** BRIEF **
Below are the entries to work from; restate word for word the portion that opens with the line containing "施工事例：Sunderland Royal Hospital" and closes with the line containing "Blick vom nördlichen", keeping both.

** MATERIAL FOR THIS EXERCISE **
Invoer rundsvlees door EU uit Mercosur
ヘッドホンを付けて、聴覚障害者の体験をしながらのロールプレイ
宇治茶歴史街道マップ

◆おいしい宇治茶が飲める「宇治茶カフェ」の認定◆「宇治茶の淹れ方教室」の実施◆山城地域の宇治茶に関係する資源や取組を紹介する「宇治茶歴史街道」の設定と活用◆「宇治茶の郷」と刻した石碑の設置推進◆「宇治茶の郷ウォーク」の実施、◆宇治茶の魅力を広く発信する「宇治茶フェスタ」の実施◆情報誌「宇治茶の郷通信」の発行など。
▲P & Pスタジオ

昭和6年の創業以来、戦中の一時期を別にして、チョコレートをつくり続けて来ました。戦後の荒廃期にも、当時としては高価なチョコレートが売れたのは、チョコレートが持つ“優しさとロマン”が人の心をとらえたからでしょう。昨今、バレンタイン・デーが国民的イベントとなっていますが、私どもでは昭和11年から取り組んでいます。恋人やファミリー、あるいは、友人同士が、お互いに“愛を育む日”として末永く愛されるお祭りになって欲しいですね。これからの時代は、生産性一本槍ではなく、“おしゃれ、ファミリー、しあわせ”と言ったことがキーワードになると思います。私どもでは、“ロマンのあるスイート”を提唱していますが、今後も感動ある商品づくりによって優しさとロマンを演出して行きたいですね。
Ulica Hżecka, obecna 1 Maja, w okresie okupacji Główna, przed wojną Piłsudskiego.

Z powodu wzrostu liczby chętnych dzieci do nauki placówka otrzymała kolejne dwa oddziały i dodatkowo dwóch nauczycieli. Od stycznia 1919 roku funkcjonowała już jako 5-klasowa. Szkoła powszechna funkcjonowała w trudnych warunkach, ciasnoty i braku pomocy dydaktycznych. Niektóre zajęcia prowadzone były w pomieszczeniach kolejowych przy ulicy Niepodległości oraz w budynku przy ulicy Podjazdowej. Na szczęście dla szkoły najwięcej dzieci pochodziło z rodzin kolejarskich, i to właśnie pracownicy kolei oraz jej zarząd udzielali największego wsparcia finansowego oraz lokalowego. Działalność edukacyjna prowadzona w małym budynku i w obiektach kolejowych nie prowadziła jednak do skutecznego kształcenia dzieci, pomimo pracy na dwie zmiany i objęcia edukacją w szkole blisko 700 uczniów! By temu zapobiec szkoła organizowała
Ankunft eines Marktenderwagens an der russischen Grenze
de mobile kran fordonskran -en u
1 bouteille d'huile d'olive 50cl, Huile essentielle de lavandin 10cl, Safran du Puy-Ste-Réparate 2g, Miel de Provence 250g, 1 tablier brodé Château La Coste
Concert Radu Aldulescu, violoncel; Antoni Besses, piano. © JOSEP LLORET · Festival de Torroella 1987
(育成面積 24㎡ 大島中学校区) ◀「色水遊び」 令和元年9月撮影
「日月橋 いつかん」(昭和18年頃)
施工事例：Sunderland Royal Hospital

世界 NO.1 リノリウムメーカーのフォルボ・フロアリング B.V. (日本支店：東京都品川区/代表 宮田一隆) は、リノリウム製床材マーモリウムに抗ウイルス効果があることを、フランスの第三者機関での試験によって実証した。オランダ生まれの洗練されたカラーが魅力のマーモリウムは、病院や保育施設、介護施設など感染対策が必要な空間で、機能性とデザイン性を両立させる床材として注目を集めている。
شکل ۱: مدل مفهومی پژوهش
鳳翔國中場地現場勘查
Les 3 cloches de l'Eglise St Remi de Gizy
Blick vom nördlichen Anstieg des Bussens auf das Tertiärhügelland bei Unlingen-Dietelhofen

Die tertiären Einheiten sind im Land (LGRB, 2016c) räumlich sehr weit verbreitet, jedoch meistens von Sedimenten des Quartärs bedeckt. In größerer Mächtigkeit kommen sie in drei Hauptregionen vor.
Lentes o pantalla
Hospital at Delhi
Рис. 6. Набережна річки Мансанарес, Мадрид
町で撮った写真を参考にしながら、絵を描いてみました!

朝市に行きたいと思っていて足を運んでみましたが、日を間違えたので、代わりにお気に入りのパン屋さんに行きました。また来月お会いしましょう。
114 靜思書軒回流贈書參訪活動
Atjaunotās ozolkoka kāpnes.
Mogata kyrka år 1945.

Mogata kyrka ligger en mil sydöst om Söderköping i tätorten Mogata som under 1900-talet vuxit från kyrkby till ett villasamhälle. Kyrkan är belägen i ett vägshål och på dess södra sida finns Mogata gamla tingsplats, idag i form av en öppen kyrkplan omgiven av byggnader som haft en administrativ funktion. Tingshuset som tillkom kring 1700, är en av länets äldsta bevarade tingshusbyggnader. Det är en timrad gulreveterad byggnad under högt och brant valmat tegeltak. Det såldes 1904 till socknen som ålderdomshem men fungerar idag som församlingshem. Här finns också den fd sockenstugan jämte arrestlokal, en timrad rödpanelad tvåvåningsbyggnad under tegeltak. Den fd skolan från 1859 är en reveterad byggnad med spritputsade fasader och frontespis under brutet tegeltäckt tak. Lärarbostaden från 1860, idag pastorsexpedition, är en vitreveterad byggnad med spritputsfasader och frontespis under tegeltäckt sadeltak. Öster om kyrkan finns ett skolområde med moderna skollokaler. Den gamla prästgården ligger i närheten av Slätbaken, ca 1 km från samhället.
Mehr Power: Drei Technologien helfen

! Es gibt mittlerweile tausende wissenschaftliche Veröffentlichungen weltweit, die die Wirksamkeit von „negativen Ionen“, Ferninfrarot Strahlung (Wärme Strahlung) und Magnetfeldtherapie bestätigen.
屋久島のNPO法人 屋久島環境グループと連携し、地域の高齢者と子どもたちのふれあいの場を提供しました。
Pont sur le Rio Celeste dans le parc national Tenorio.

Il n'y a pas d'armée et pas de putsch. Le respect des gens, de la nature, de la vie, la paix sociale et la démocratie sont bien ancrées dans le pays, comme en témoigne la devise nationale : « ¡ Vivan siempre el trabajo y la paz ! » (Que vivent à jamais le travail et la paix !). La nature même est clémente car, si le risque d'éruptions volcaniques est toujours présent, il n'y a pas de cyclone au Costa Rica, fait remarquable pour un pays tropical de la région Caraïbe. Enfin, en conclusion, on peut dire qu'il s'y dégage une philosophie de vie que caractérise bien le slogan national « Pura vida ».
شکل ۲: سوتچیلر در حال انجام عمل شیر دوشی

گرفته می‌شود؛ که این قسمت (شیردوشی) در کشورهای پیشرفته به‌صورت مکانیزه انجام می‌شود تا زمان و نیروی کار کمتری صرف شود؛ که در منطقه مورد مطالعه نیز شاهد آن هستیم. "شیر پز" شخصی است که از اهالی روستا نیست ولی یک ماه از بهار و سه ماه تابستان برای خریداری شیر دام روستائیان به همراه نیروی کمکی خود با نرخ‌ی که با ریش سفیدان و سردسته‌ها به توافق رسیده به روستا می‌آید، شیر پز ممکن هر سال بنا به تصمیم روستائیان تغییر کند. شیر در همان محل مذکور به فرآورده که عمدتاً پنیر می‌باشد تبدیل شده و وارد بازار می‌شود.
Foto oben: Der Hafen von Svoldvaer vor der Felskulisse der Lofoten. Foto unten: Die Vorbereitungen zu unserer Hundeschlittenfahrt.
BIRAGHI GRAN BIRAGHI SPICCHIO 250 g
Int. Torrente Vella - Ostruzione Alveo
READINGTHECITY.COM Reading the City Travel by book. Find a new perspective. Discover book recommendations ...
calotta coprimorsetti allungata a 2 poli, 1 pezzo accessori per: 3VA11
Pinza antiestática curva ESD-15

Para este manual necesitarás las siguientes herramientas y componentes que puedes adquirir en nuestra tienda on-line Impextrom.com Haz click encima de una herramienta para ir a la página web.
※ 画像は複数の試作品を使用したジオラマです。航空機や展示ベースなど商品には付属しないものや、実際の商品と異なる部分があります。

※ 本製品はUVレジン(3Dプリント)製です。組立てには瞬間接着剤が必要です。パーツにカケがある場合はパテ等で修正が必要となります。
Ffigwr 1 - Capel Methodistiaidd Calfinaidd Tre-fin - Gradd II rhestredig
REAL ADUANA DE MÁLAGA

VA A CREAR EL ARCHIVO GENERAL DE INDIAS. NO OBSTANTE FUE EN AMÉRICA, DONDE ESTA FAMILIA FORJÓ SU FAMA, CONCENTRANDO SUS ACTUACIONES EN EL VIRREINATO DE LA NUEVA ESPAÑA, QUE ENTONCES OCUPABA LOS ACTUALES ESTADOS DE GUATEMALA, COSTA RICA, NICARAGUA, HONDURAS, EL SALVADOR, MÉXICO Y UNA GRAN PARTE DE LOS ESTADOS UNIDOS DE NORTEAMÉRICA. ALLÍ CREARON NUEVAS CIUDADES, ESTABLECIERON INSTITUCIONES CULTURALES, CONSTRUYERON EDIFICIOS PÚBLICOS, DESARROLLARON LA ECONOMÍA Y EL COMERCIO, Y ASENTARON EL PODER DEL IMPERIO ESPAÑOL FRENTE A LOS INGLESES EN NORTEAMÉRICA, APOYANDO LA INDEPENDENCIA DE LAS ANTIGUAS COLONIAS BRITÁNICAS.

** RESULT OF THIS EXERCISE **
施工事例：Sunderland Royal Hospital

世界 NO.1 リノリウムメーカーのフォルボ・フロアリング B.V. (日本支店：東京都品川区/代表 宮田一隆) は、リノリウム製床材マーモリウムに抗ウイルス効果があることを、フランスの第三者機関での試験によって実証した。オランダ生まれの洗練されたカラーが魅力のマーモリウムは、病院や保育施設、介護施設など感染対策が必要な空間で、機能性とデザイン性を両立させる床材として注目を集めている。
شکل ۱: مدل مفهومی پژوهش
鳳翔國中場地現場勘查
Les 3 cloches de l'Eglise St Remi de Gizy
Blick vom nördlichen Anstieg des Bussens auf das Tertiärhügelland bei Unlingen-Dietelhofen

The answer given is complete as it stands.